10. OccamsMirror ◴[15 Jul 25 06:47 UTC] No.44568553{4}[source]▶

>>44568209 #

It's definitely made me more productive for admin tasks and things that I wouldn't bother scripting if I had to write it myself. Having an LLM pump out busy work like that is definitely a game changer.

When I point it at my projects though, the outcomes are much less reliable and often quite frustrating.

replies(1): >>44570290 #

11. XenophileJKO ◴[15 Jul 25 06:58 UTC] No.44568639{6}[source]▶

>>44568536 #

Ah.. now you are asking the right questions. If you can't handle 3-5 junior engineers.. then yes, you likely can't get 10-20x speed from an LLM.

However if you can quickly read code, see and succintly communicate the more optimal solution, you can easily 10x-20x your ability to code.

I'm begining to believe it may primarily come down to having the vocabulary and linguistic ability to succintly and clearly state the gaps in the code.

replies(1): >>44568936 #

12. fzeroracer ◴[15 Jul 25 07:50 UTC] No.44568936{7}[source]▶

>>44568639 #

> However if you can quickly read code, see and succintly communicate the more optimal solution, you can easily 10x-20x your ability to code.

Do you believe you've managed to solve the most common wisdom in the software engineering industry? That reading code is much harder than writing it? If you have, then you should write up a white paper for the rest of us to follow.

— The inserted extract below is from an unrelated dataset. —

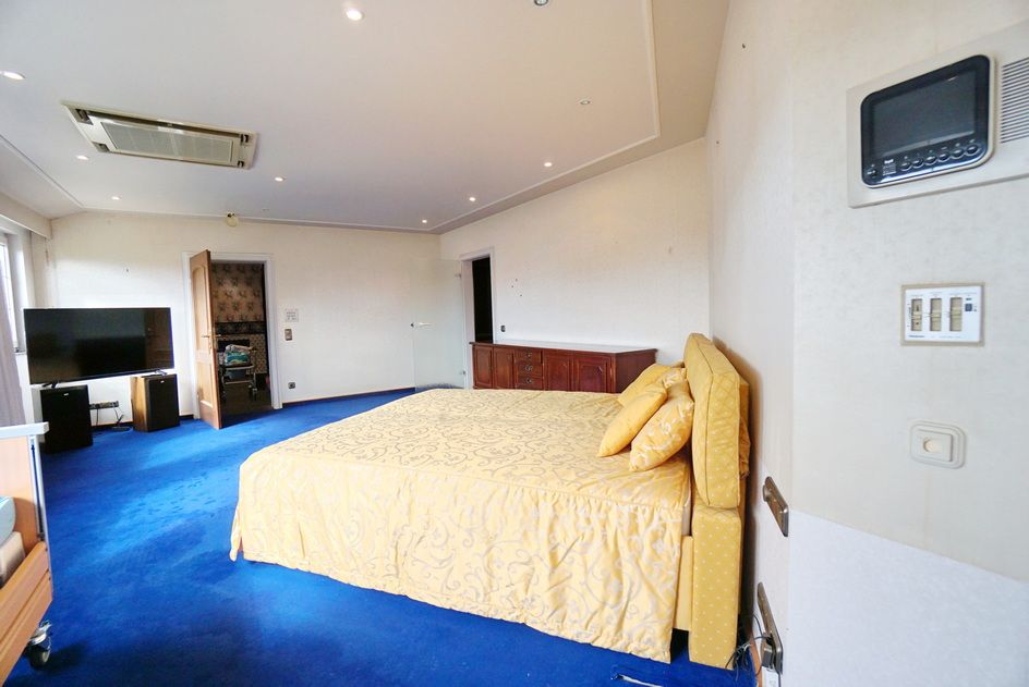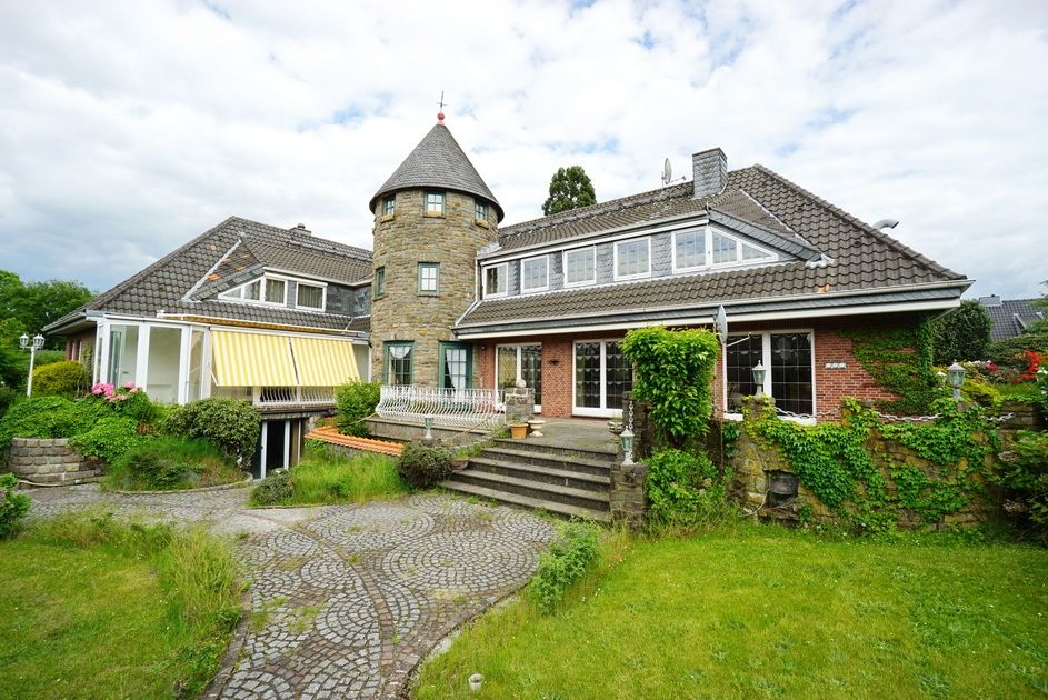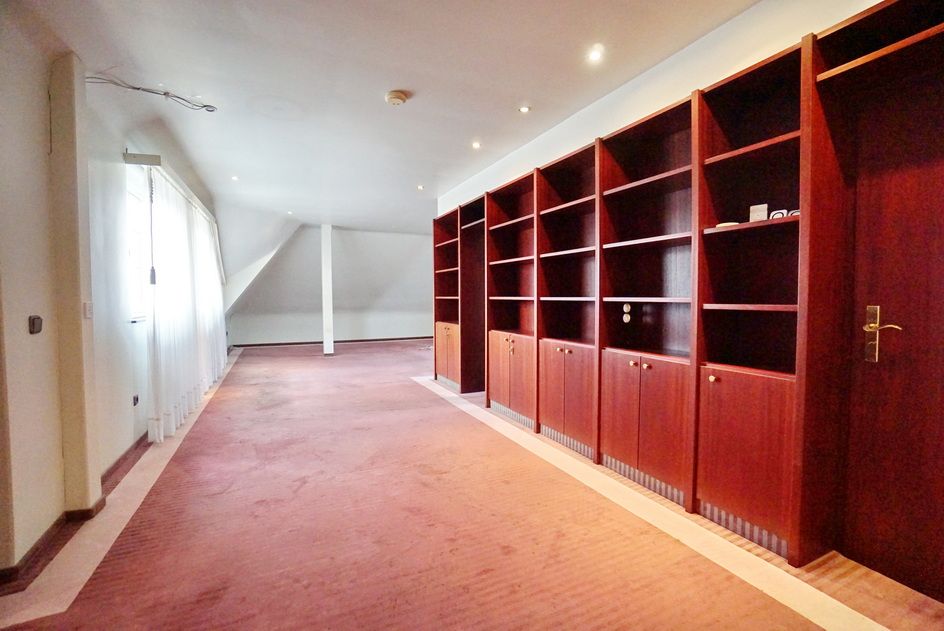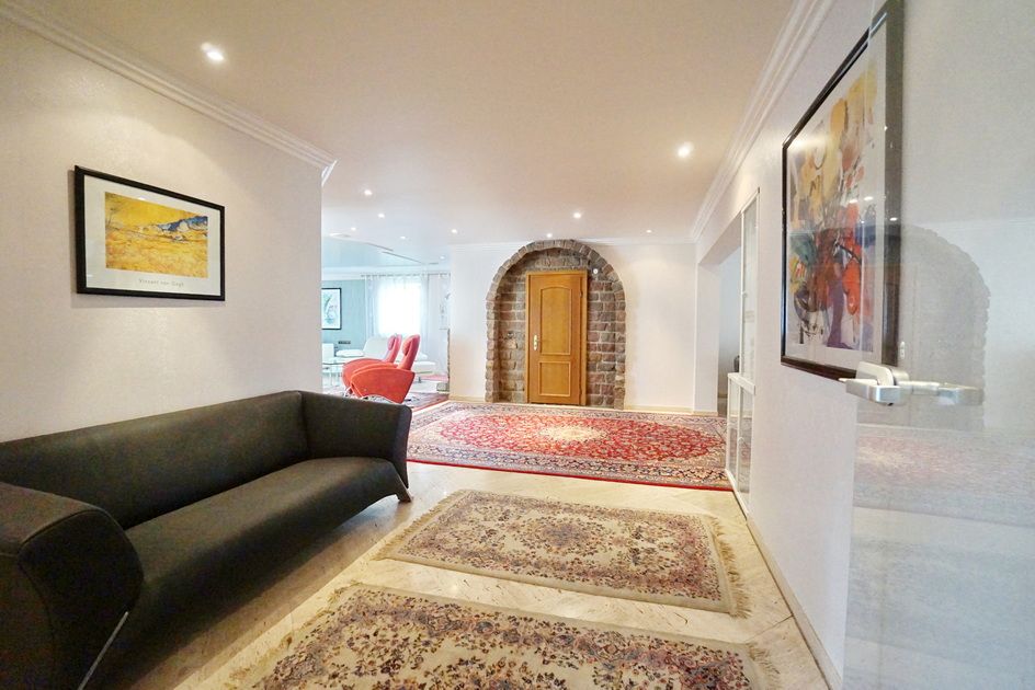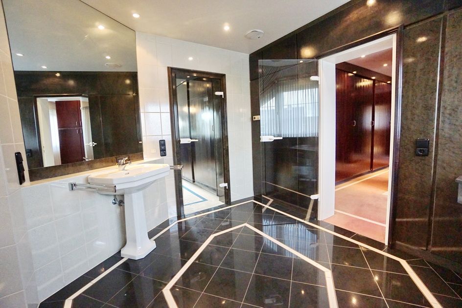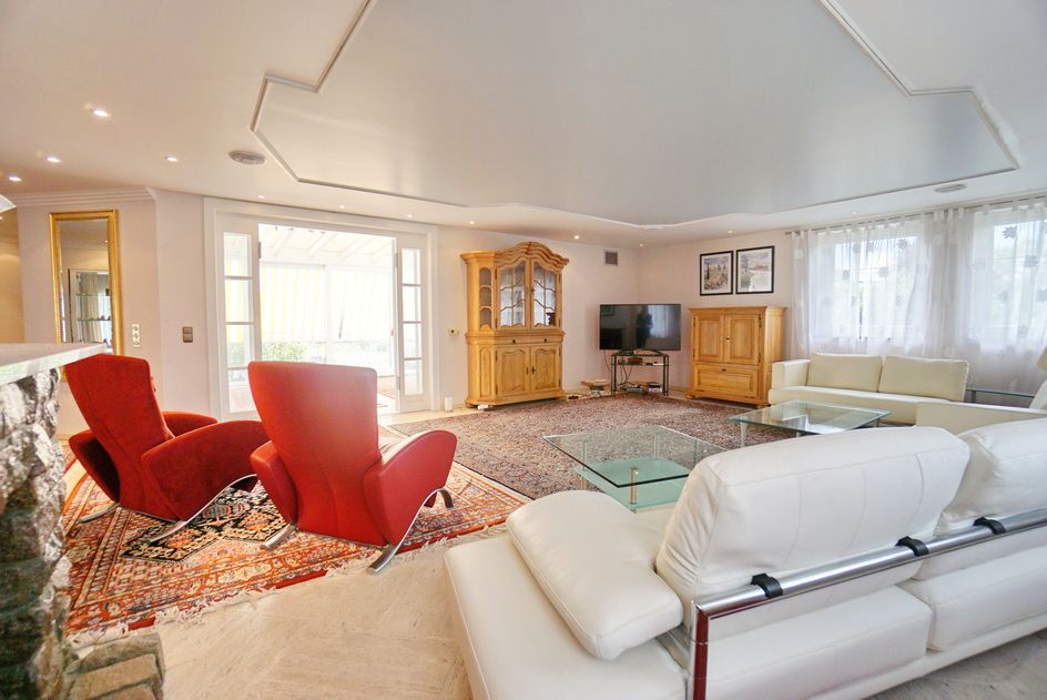 Der imposante Eingangsbereich mit einem herrschaftlichen Treppenhaus im kleinen Zwiebelturm zieht sofort alle Blicke auf sich. Bereits hier lässt sich erahnen, welche Großzügigkeit diese Immobilie bietet. Viele Fenster und zahlreiche bodentiefe Terrassenelemente sorgen für lichtdurchflutete Räume, die sich ideal für verschiedene Stilarten eignen. Mit mehreren Schlafzimmern, Ankleidezimmern und Bädern ist dieses Haus perfekt für mehrere Generationen geeignet. Zur Nutzung als Zweifamilienhaus steht ein separater Eingang zur Verfügung. Dieser Bereich ist auch als Bürofläche ideal geeignet, sodass Sie Arbeit und Privatleben perfekt kombinieren können. Die offene Raumgestaltung ermöglicht es Ihnen, Ihre individuellen Vorstellungen zu verwirklichen und kreative Arbeitsbereiche zu schaffen.

Because every time I've seen someone say this, it's from someone that doesn't actually read the code they're reviewing.

replies(1): >>44569624 #

13. XenophileJKO ◴[15 Jul 25 10:05 UTC] No.44569624{8}[source]▶

>>44568936 #

Harder maybe, slower.. no.

14. liveoneggs ◴[15 Jul 25 12:07 UTC] No.44570290{5}[source]▶

>>44568553 #

https://marketoonist.com/2023/03/ai-written-ai-read.html

15. PleasureBot ◴[15 Jul 25 12:24 UTC] No.44570410{3}[source]▶

>>44568159 #

People have much more favorable interactions with coding LLMs when they are using it for greenfield projects that they don't have to maintain (ie personal projects). You can get 2 months of work done in a weekend and then you hit a brick wall because the code is such a gigantic ball of mud that neither you nor the LLM are capable of working on it.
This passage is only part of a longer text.